INFORMATION GIVEN –
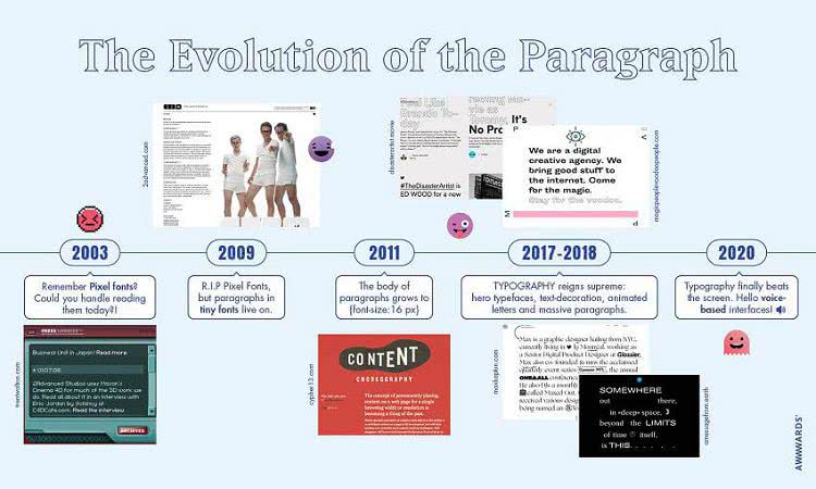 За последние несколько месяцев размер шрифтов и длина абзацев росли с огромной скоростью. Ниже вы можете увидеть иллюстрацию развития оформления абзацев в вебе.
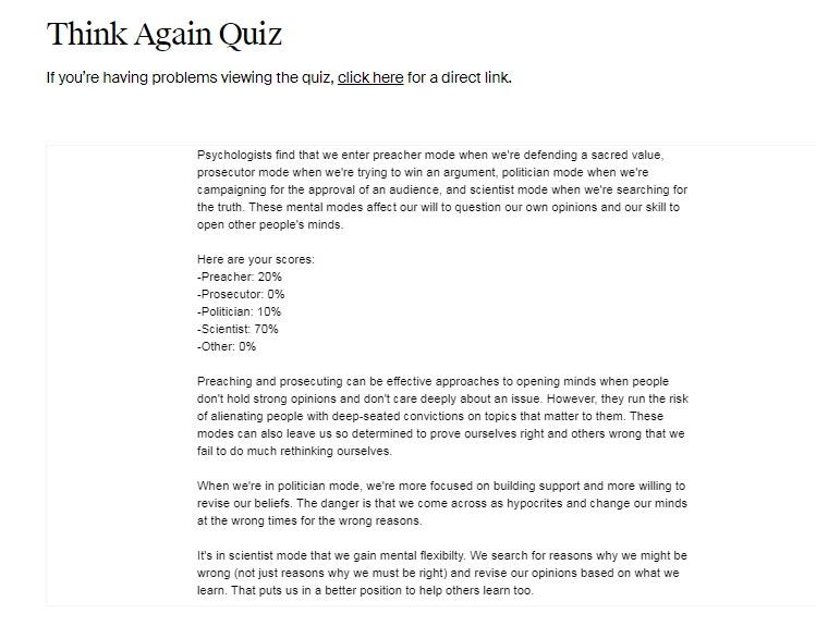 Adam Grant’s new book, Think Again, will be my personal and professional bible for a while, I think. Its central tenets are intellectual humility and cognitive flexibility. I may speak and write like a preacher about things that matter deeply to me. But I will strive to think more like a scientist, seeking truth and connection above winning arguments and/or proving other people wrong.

...

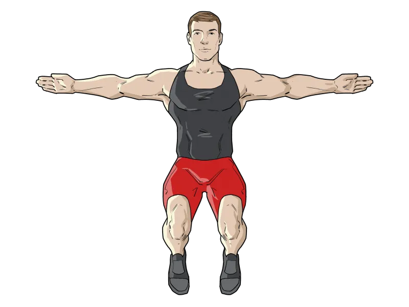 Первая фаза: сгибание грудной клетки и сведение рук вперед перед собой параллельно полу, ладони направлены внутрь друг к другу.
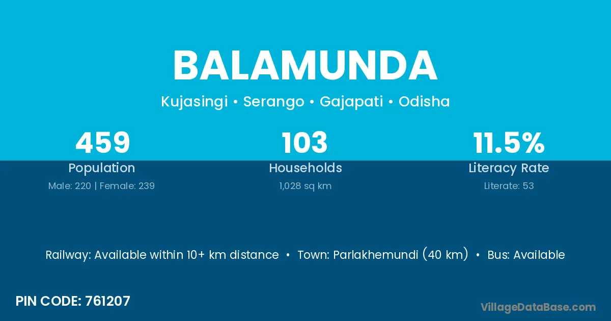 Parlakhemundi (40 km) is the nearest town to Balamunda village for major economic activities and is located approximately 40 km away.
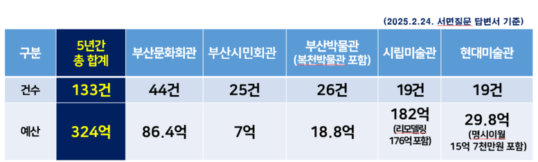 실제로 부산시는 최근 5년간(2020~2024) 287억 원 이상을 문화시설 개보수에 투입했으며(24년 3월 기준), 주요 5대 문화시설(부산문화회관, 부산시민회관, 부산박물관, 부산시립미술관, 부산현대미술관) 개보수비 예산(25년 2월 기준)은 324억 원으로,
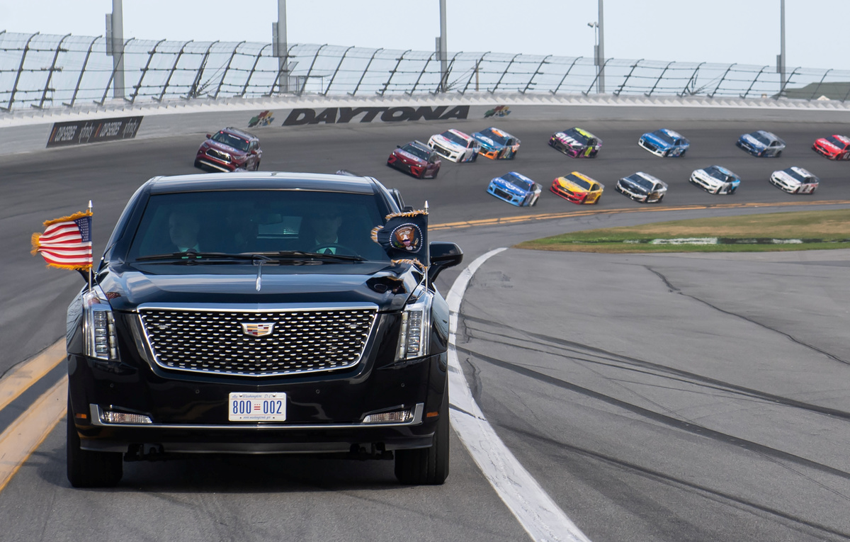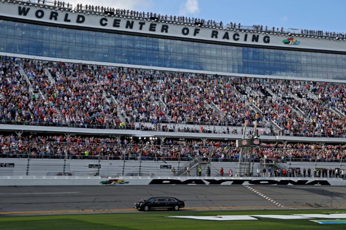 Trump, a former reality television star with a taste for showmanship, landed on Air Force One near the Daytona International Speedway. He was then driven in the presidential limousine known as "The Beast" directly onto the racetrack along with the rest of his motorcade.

DIRECTIONS FOR THIS TASK – Copy back exactly the lines above from the one containing "실제로 부산시는 최근" through the one containing "Trump, a former", and leave every picture behind.

ANSWER TO THE EXERCISE –
 실제로 부산시는 최근 5년간(2020~2024) 287억 원 이상을 문화시설 개보수에 투입했으며(24년 3월 기준), 주요 5대 문화시설(부산문화회관, 부산시민회관, 부산박물관, 부산시립미술관, 부산현대미술관) 개보수비 예산(25년 2월 기준)은 324억 원으로,
 Trump, a former reality television star with a taste for showmanship, landed on Air Force One near the Daytona International Speedway. He was then driven in the presidential limousine known as "The Beast" directly onto the racetrack along with the rest of his motorcade.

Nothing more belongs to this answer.